Agreement and disagreement with the previous studies

Kim et al. studied the dural sealant in various procedures in neurosurgery; they found that using it was effective in the prevention of CSF fistula.[17] Nakamura et al. conducted a randomized controlled trial for using dural sealants in spine surgery; they observed a different outcome between as regard drainage fluid between controlled and studied groups.[19] Kim et al. studied the usage of sealants against the standard of care in case of spinal CSF leakage intraoperative; they found that superior results with dural sealants over traditional methods with no neurological injury can be attributed to it.[17] Wright et al. conducted a randomized controlled trial to study the incidence of CSF leakage after unintended durotomies; they found that dural sealants were superior to standard of care techniques for closing dural defects after Valsalva trials.[35] Watertight closure was a primary goal in Boogaarts et al. study;[3] they found a marvellous reduction in CSF leakage (100%) with no undesired effects in cranial surgery. The same results were achieved by Cosgrove et al.[5] when compared to dural sealants with traditional dural closure in cranial surgeries. Nishimura et al. studied the application of dura seal in a specific type of cranial surgeries (bypass surgery).

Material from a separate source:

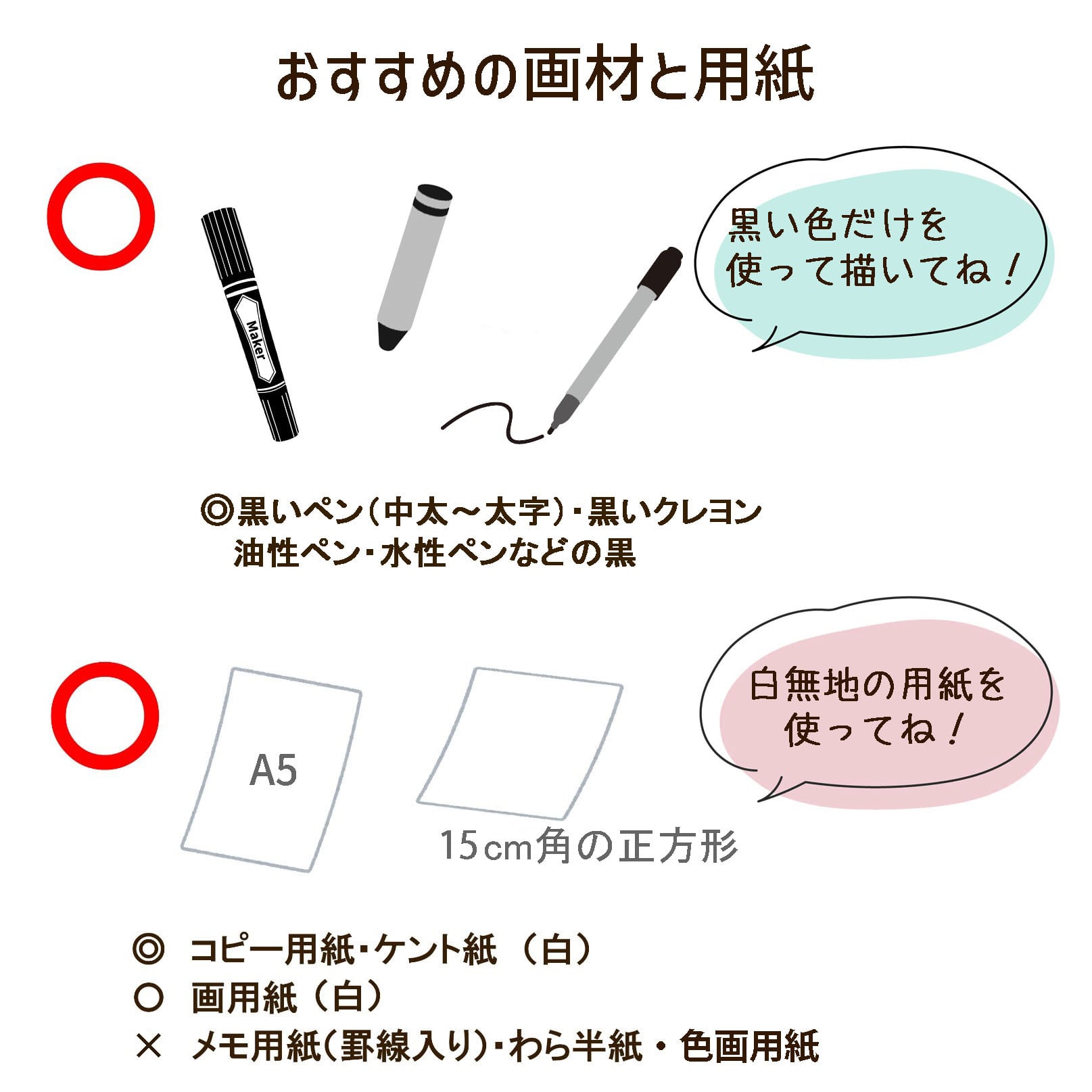 持ち込みデザインの場合もお選びいただいたカラーへ変更いたしますので、色付きのイラストなどは避けて黒1色で作成してください。

They found that easy and effective sealing of the field was achieved by the dura seal.[21] Only 2/24 patients developed subcutaneous CSF fistula later on. The usage of the dura seal gave no negative effects on the patency of the anastomosis. Takumi et al. designated a prospective study but in functional neurosurgery (deep brain stimulation) to assess CSF leakage and brain shifting after DBS in a controlled trial. They found that the application of such material reduces CSF leakage and brain shifting to a minimum if compared to traditional methods. In the skull base surgery field, this material has been studied heavily by George et al.[11] Up to date, it is the largest trial conducted in this field, with 726 patients who underwent skull base surgery were enrolled and randomized into classic control and study groups. They found CSF leakage events in 25 (6.9%) patients versus 30 (8.2%) current practice patients with no statistically significant difference (odds ratio: 0.82; 95% CI: 0.47, 1.43; P = 0.485). Despite its safety, easy method of application, and low rate of CSF leakage, George et al. found that both treatments were well tolerated with similar frequency of adverse events.

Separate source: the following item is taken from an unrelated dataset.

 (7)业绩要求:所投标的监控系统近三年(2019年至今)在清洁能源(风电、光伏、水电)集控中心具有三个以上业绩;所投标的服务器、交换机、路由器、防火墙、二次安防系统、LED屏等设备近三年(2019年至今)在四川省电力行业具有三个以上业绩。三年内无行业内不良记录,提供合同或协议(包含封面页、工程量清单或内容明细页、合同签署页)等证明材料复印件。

Osbun et al. conducted a randomized controlled trial used the same material in cranial surgeries in a group (n = 120) against the traditional method group (n = 117).[22] In the dural sealant group, the incidence of neurosurgical complications was 5.8% (n = 7), the incidence of surgical site infections was 1.7% (n = 2), and the incidence of CSF leak was 0.8% (n = 1). In the control group, the incidence of neurosurgical complications was 7.7% (n = 9), the incidence of surgical site infection was 2.6% (n = 3), and the incidence of CSF leak was 1.7% (n = 2). Hutter et al. studied the factors responsible for CSF leakage in elective cranial surgeries.[15] They found several factors responsible for CSF leakage and observed that cases treated with dura sealant showed a minimum amount of leakage if compared to others.

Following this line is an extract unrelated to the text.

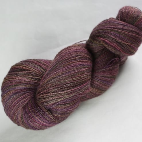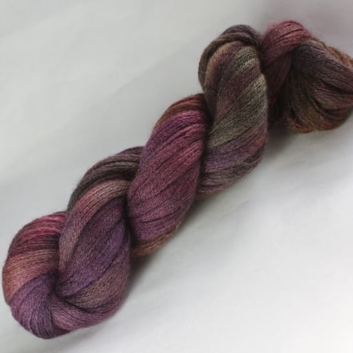 Woodsy browns and plummy purples with a little pink and olive green. This yarn is lustrous, lofty and slightly fuzzy. It should make beautiful lace projects. It is reskeined as shown in the first two photographs but is shown before reskeining in the third photograph for reference only.

In contrast, a different outcome was achieved by Green et al.[12] Green et al. conducted a multicenter cohort study to assess the safety and effectiveness of dural sealant in cranial surgeries. Safety was assessed to 30 days postsurgery, including the incidence of CSF leakage. No deaths or unexpected serious adverse drug reactions were reported. CSF leakage within 30 days postoperatively was 2.2% and 2.0% in study and control groups, respectively.

Tew et al. conducted a large cohort study that included 17 centers to study the effectiveness of dural sealant versus traditional methods of dural closure in cranial surgeries.[32]

CONCLUSION AND RECOMMENDATIONS

Dura seal material is an acceptable adjuvant for dural closure when the integrity of the dura is in question. However, marketing it as a factor for the prevention of surgical site infection is not scientifically proved. We suggest that, for neurosurgeons, using the dural sealants are highly recommended for duraplasty, skull base approaches, and in keyhole approaches.